In the last eight days, we’ve traveled twice by train to Cordoba. This is the place in Spain that speaks to my soul, and I know exactly why. It’s because of the wildly beautiful, haunting Mezquita: an eighth century mosque with a fourteenth century cathedral embedded in its center. It’s because of the evocative Sinogoga, the only one in Spain which today remains substantially intact after the Jews were expelled in 1492 by Ferdinand and Isabella … yes, the same year Christopher Columbus sailed to the New World.
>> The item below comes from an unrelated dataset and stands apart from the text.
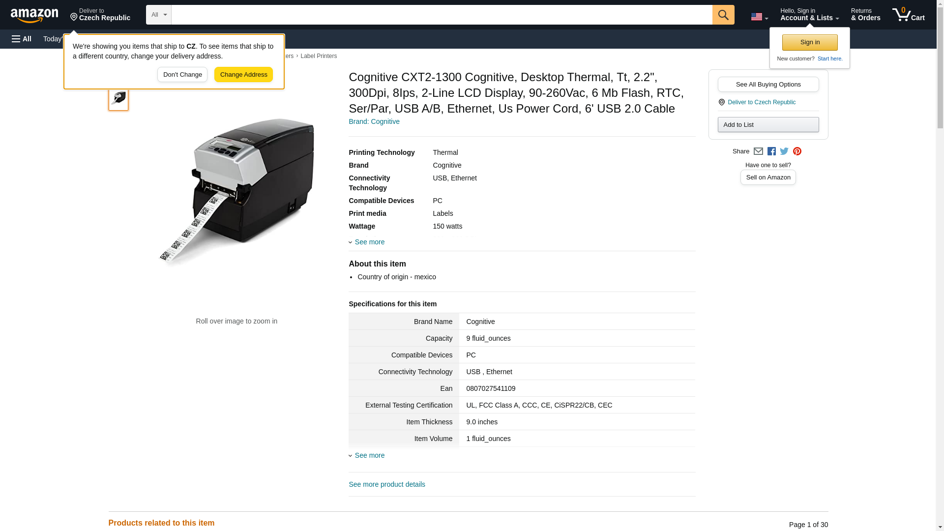 Cognitive CXT2-1300 Cognitive, Desktop Thermal, Tt, 2.2", 300Dpi, 8Ips, 2-Line LCD Display, 90-260Vac, 6 Mb Flash, RTC, Ser/Par, USB A/B, Ethernet, Us Power Cord, 6' USB 2.0 Cable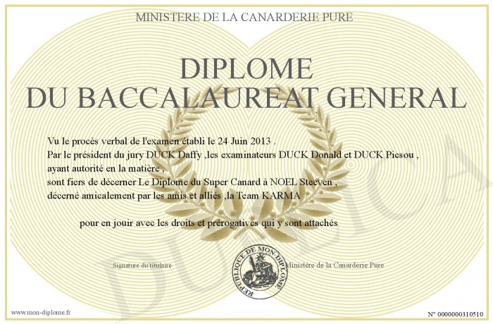 Envoyez par email votre Diplôme du baccalaureat général personalisé

It’s because of the archaeological museum, which houses not only Roman and Visigothic ruins, but proto-historical artifacts (defined as “end of the second millennium to the second century BC”) like the stunning stone and bronze ex-votos (sculpted offerings of personal gratitude to the gods) which mesmerized me today.
And it’s because of the people who live in Cordoba, two of them in particular: the storyteller and the gypsy.
The storyteller was in the museum, relating a tale in Spanish from
A Thousand and One Arabian Nights to an entranced group of children. He was dressed in a long, white robe and a purple turban, and was such a gifted, enthusiastic raconteur that Bill and I lingered to listen to him. He had only one prop … a “genie” oil lamp … but he spoke in voices and added startling sound effects so that we understood which story he was telling. My heart aching, I wished that Cooper had been there to sit amongst the children. I wished my advisor, Dr. Francis, who is a fabulous yarn-spinner in his own right, had been there. But, alas, they were not, and all too soon his story had ended.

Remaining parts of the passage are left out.